Anyways – back to the movie. He and I had spent the night watching that movie. Personally, I didn’t pay much attention to the movie at all. For me, it was a time/space/sound filler while I methodically went through the steps in my head that I knew I would take the next day. I wanted to keep him busy so that I could think. I also didn’t want there to be any silence – – for fear that my plans would somehow be uncovered — which would ignite yet another drag down, knock out argument – which generally lead to my face meeting the wall with high velocity. Not a good plan. So, I had suggested going to Blockbuster and we rented 5 movies and watched one movie after another until he was tired and needed to get some sleep – it was a week night, after all.
I didn’t even know what the plot of the movie was. All I can remember is that I knew that Nicholas Cage was in it and I remembered the name of the movie. My mind was just full of other things. I had been planning this move for weeks, and everything had to be perfect, right down to the timing of it all. I can remember that during the movie I was coming up with “Plan B” – What if he called in sick when he woke up in the morning? If he called in sick, I couldn’t do all the errands I needed to do in order to get this done. Sometimes, he did call in sick, particularly if he thought I seemed distracted with something, or if he had a ‘gut’ feeling that something just wasn’t right. He was a paranoid man – – but for good reason.
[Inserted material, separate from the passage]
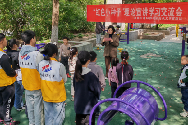 通过开展“红色小种子”理论宣讲学习交流会,让爱党、爱国、爱生活的红色种子在青少年的心中生根发芽,也让更多居民参与到红色教育中,自觉践行社会主义核心价值观。(邹傅社区居民学校 李甜甜)

So, back to the movie. He broke the restraining order a few times. Trying to contact me, reason with me – – get me back – – guilt trip the fucking hell outta me. It didn’t work. But during one of those emails/phone calls/letters – – I remember him making the statement that he regretted that we watched that movie that night before.
See, ours was a relationship that heavily involved S&M. And his line of thinking was that the subject matter of the movie freaked me out to the whole S&M thing and that I got scared and made the spontaneous decision to get out of the relationship because of it.
Because of the movie.
Not because he used me as his personal punching bag and regularly turned my lips, eyes and cheeks pretty shades of purple.
After being arrested, spending time in jail – being put on three years probation…being required to attend 18 weeks of anger management therapy as directed by the courts…. after having a woman file a restraining order against you that said if you were found anywhere within her general location – you’d find your ass back in jail. After all that – – in his mind, I freaked out because of a fucking movie.
Funny thing about that – is I don’t even remember watching the movie that night.
So, last night I watched it – – all the way through. Funny how something stupid like that can feel like an accomplishment, of sorts. Almost like closing another chapter of a most stupid and foolish part of ones life. A stupid movie was good therapy for me. It wasn’t even a good movie at that.